With only 45 days left on the epic Baby Fouts countdown clock (hopefully less) the reality of the "situation" is definitely setting in. Yesterday I got to see my baby's face. Granted, it's a yellow image, only half visible because it's smooshed inside my body... but it definitely gave me a better idea of what the little guy is going to look like.
According to the sono tech, he has hair. He weighs 5 pounds, 5 ounces (give or take a pound in either direction). His head is currently in the 98th percentile - measuring more like 36 weeks instead of 33 weeks. But overall he's in the 60th percentile, which may mean he is a week and a half to two weeks ahead of schedule still. However, when the doctor comes in and asks, "so are you trying to have a bigger than average baby?" - you can't help but worry about how he's going to get out! Most importantly though, he grew into his kidneys, which was the last of the concerns at the maternal fetal center. His heart and brain and all the other internal organs are functioning exactly how they're supposed to be - a big sigh of relief on our part. Now to address Chad's dream of me delivering puppies instead of a baby....
Of course I continue to have emotional breakdowns. I did really good for a few weeks, then yesterday happened. Seeing the baby's face kinda set me off and it got a little out of control from there. As in, I started crying because I left my flip flops at home and we had to turn the car around to get them. YIKES - lol. At least I can laugh at myself... right!?!
Either way, in another 6 weeks or so, I'm going to fall in love with someone I've just met... and I seriously can't wait. In the last 8 months I've experienced a WIDE range of emotions... excitement, fear, avoidance, disappointment, acceptance, sheer giddiness... seriously crazy hormones affecting all areas of my life. But now I'm looking forward to the not-so-distant future like never before. Bring on the sleep deprivation.
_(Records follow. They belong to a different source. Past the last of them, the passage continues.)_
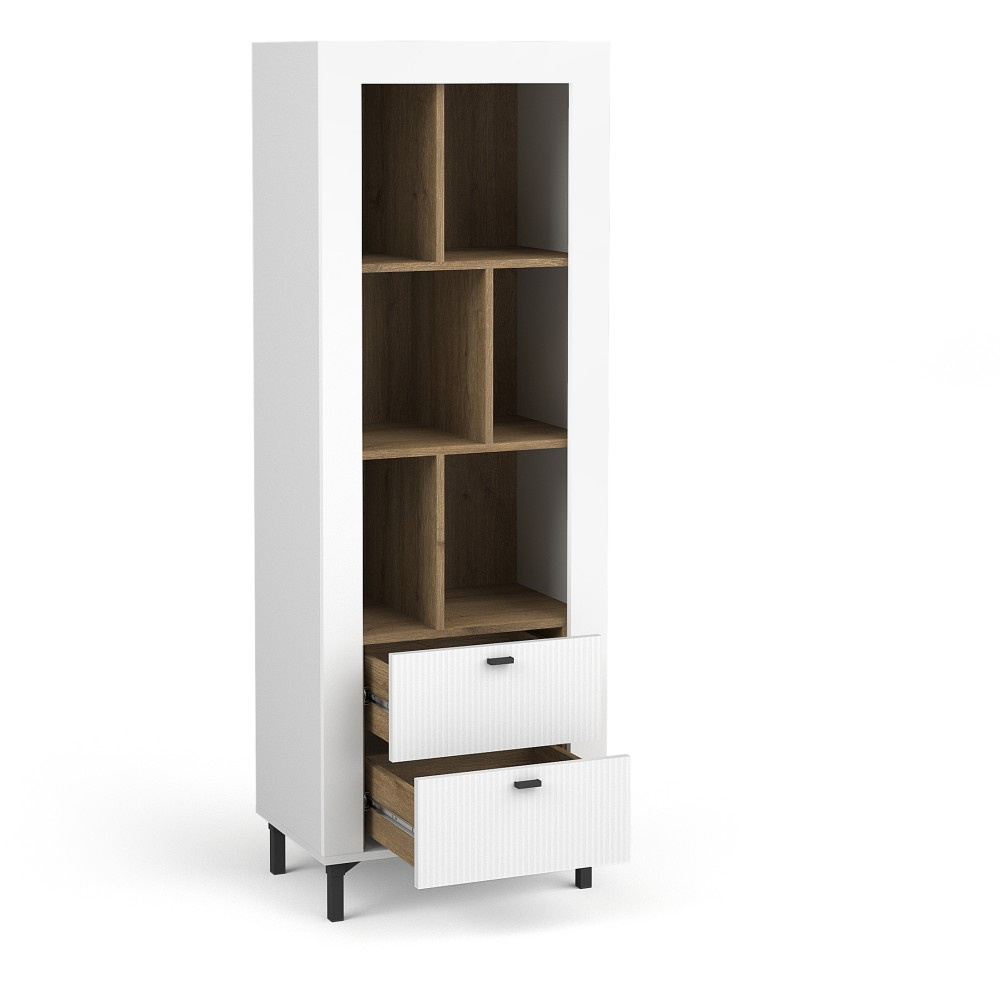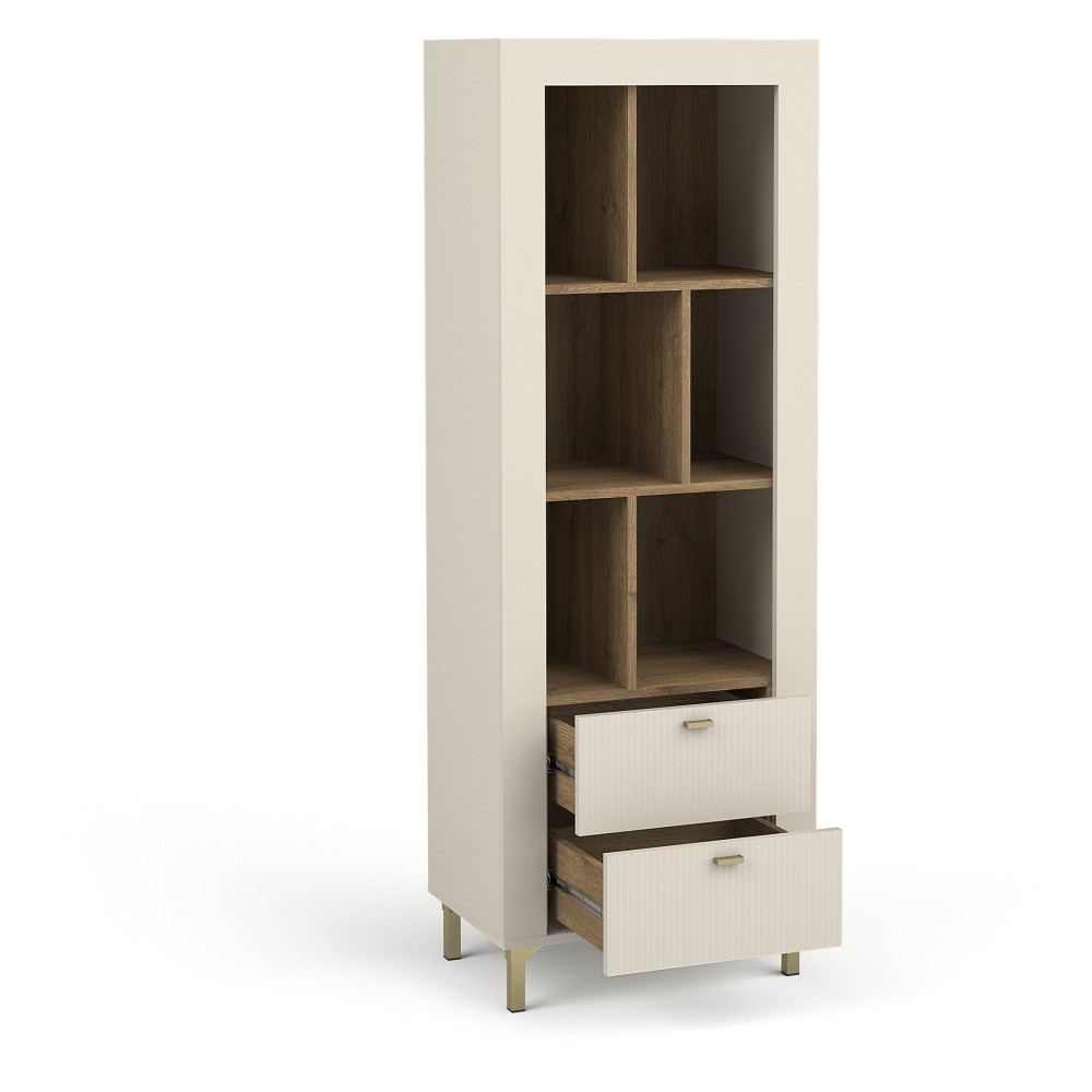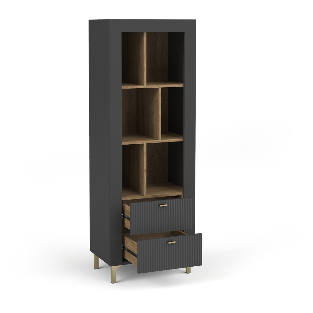 Knihovna MONTA se 2 zásuvkami kombinuje moderní design, funkčnost a vysoce kvalitní zpracování v elegantním kusu nábytku. Díky čistým liniím a přirozeným barevným kombinacím vnese do každého obytného prostoru řád a styl.
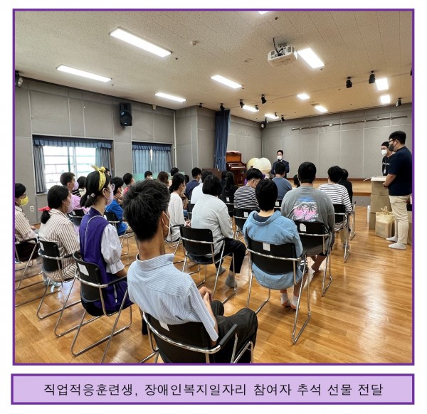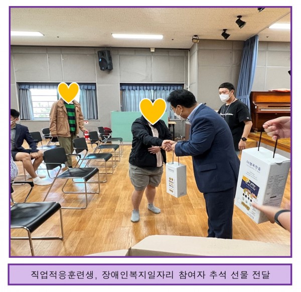 2022년 9월 7일(수) 복지관 4층 강당에서 직업적응훈련반, 작업활동1·2반 훈련생들과, 장애인복지일자리 참여자들에게 추석 선물을 전달하였습니다.
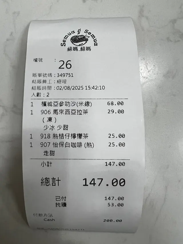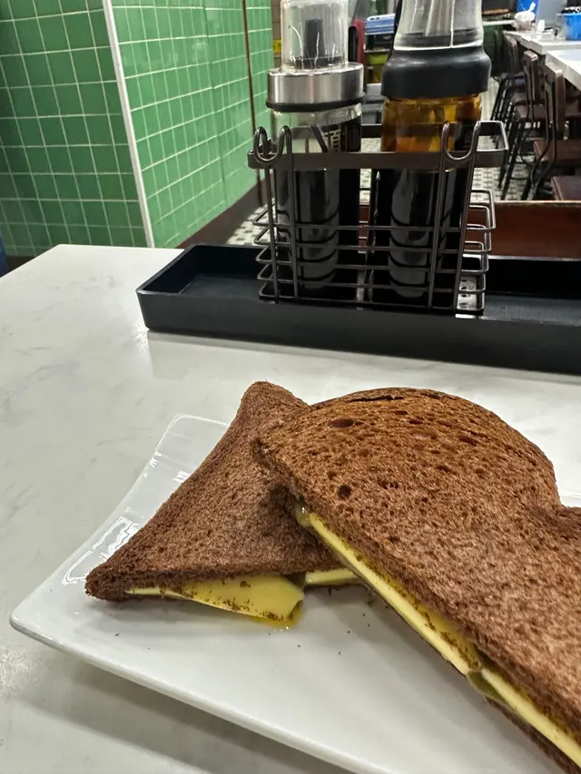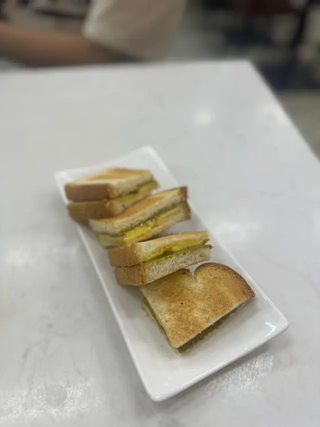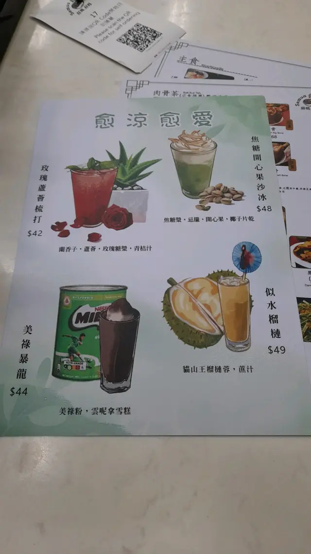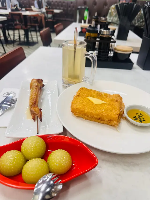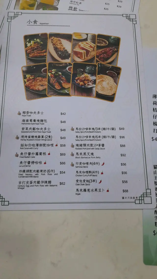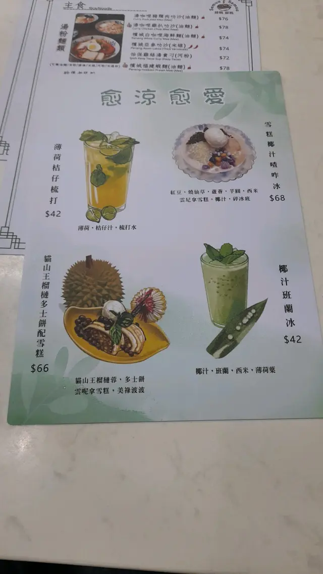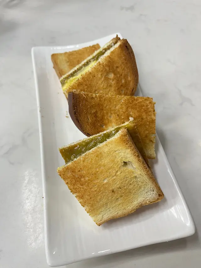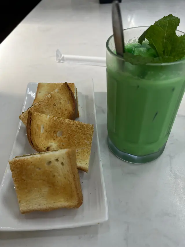 4-10-2025(Sat)晏晝同老公離開將軍澳後,我記起始創中心有間舖賣小忌廉嘢,於是走去,但原來老公又有嘢去砵蘭街某商業大廈攞,咁先去攞嘢,而其實我係肚餓唔飽,於是攞完後,就嚟呢喥食少少嘢。我哋嚟到唔多人,坐低後睇menu,有$66.00嘅榴槤多士餅配雪糕,印象中好似同老公喺荃灣食過,翻查記錄,果然係,就係2025年2月2日提交,上次荃灣嘅呢篇食評 https://s.openrice.com/QrbT0CkbP00~ukrQAAA。咁今次我哋唔食喇,食$42.00嘅椰香咖央多士?好似普通咗啲,但睇到$48.00嘅海南鴛鴦燒麵包好似好吸引,不過鴛鴦係咩嚟?落單時問啲店員先。而嘢飲方面,我要$42.00嘅椰汁班蘭冰,老公要$42.00嘅薄荷桔仔梳打。決定咗後,就叫店員問問題,佢答咗唔知咩嘢,但好有禮貌,之後我哋用QR code落單。落完單,兩杯嘢飲到嚟,我揀椰汁班蘭冰少冰嘅,飲落,班蘭味出啲,亦有稍為腍咗啲嘅西米,而成個味道都唔太濃,亦唔太杰。4分老公嘅薄荷桔仔梳打呢?我哋都覺得酸咗啲,要加返多少少糖漿。2.5分最後海南鴛鴦燒麵包到嚟,見到麵包係朱古力色,亦見到有咖央同牛油,食落,麵包好夠脆亦有味,但唔知係咩味,唔飲似朱古力但好味嘅,而咖央醬就甜咗啲,加牛油嘅滑,成個係唔差。4.5分服務:唔錯,好有禮貌。抵食係2.5分…查看更多
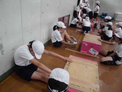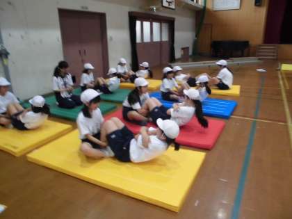 立ち幅跳び,反復横跳び,長座体前屈,握力,ソフトボール投げ,上体起こしなどの項目で自分の体力測定を行いました。
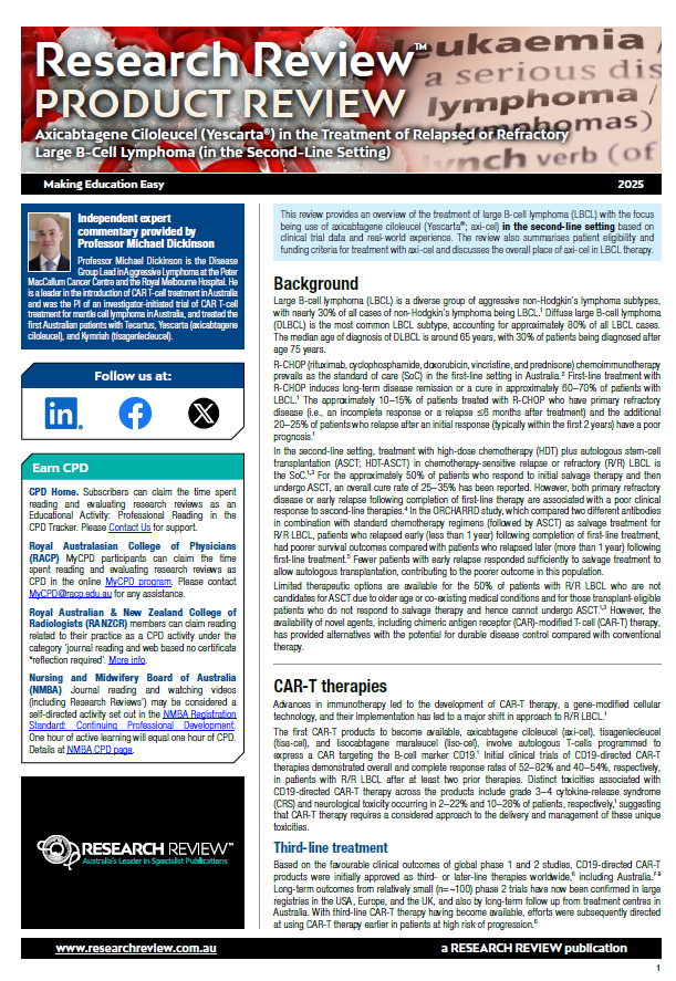 As part of our series focussing on medicines available in Australia, we have added a product review of the use of axicabtagene ciloleucel in the treatment of relapsed or refractory large B-Cell lymphoma (in the second-line setting).
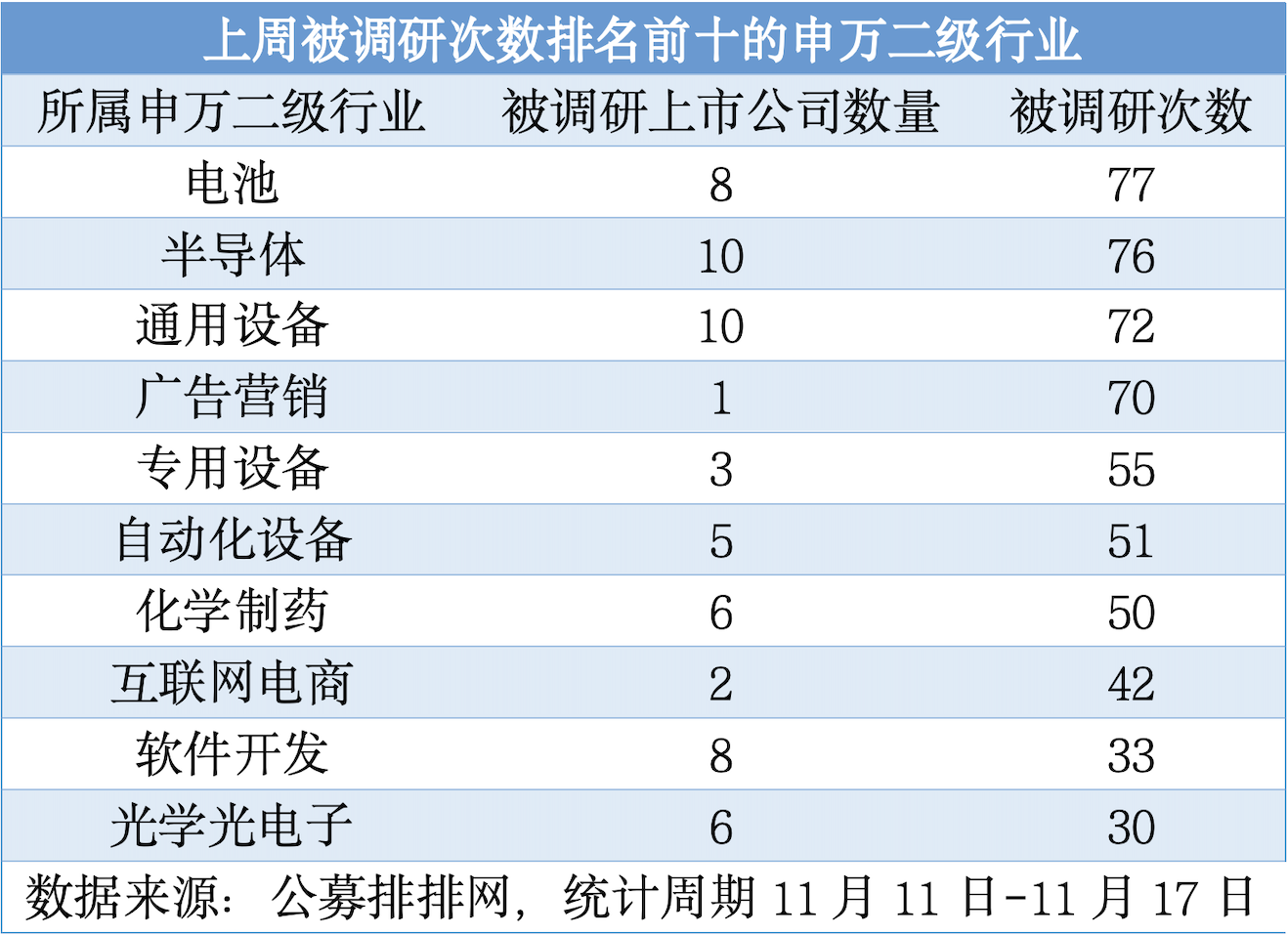電池行業(yè)共有8家上市公司被公募機構(gòu)調(diào)研,合計77次居首。業(yè)內(nèi)人士認為,電池行業(yè)備受關注,估計與近期國內(nèi)首條全固態(tài)鋰電池量產(chǎn)線正式投產(chǎn)消息有關。此外,半導體、通用設備、廣告營銷、專用設備、自動化設備、化學制藥、互聯(lián)網(wǎng)電商、軟件開發(fā)、光學光電子等行業(yè)被調(diào)研次數(shù)均不少于30次。
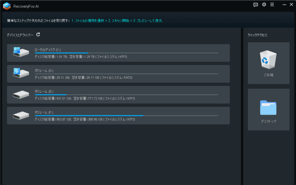 難しい設定や専門用語はなく、スキャン開始→結果表示→復元保存の3ステップで完結。
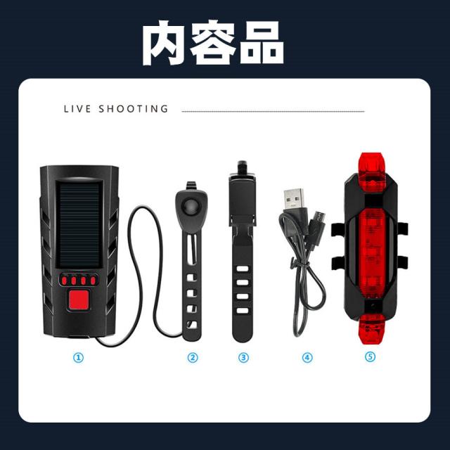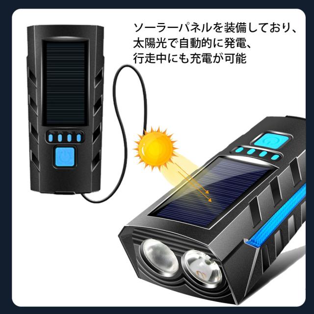 自転車 ライト 自転車ライト ソーラー充電 ベル テールライト付き LED 高輝度 小型 USB充電式 明るい IPX7防水 後付
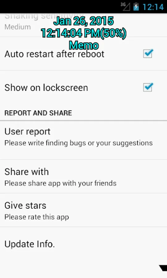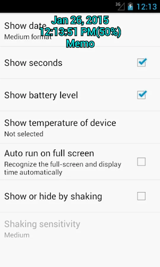 When you play games or watching movies or YouTube streaming, you can check current time, memo and battery level easily.
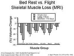 - ^ Ferrando, AA; Stuart, CA; Brunder, DG; Hillman, GR (October 1995). "Magnetic resonance imaging quantitation of changes in muscle volume during 7 days of strict bed rest". Aviation, Space, and Environmental Medicine. 66 (10): 976–81. PMID 8526835.

Good luck to you as you approach the finish line...or the next starting line depending how you look at it. Everett was at the 49% percentile when I was at the 28 week point...so naturally I thought I would be having an average sized baby or smaller since I was measuring only 39 weeks at my last dr. appointment before he was born. WRONG!! I know everyone always gives the advice to be flexible when going into labor but it really is true. Keep the most open mind you can and be willing to go with the flow. Also try to prepare yourself for all situations before your delivery day comes so if something happens you will be somewhat prepared for it (something I wish I had done). I wish you and Chad all the best!!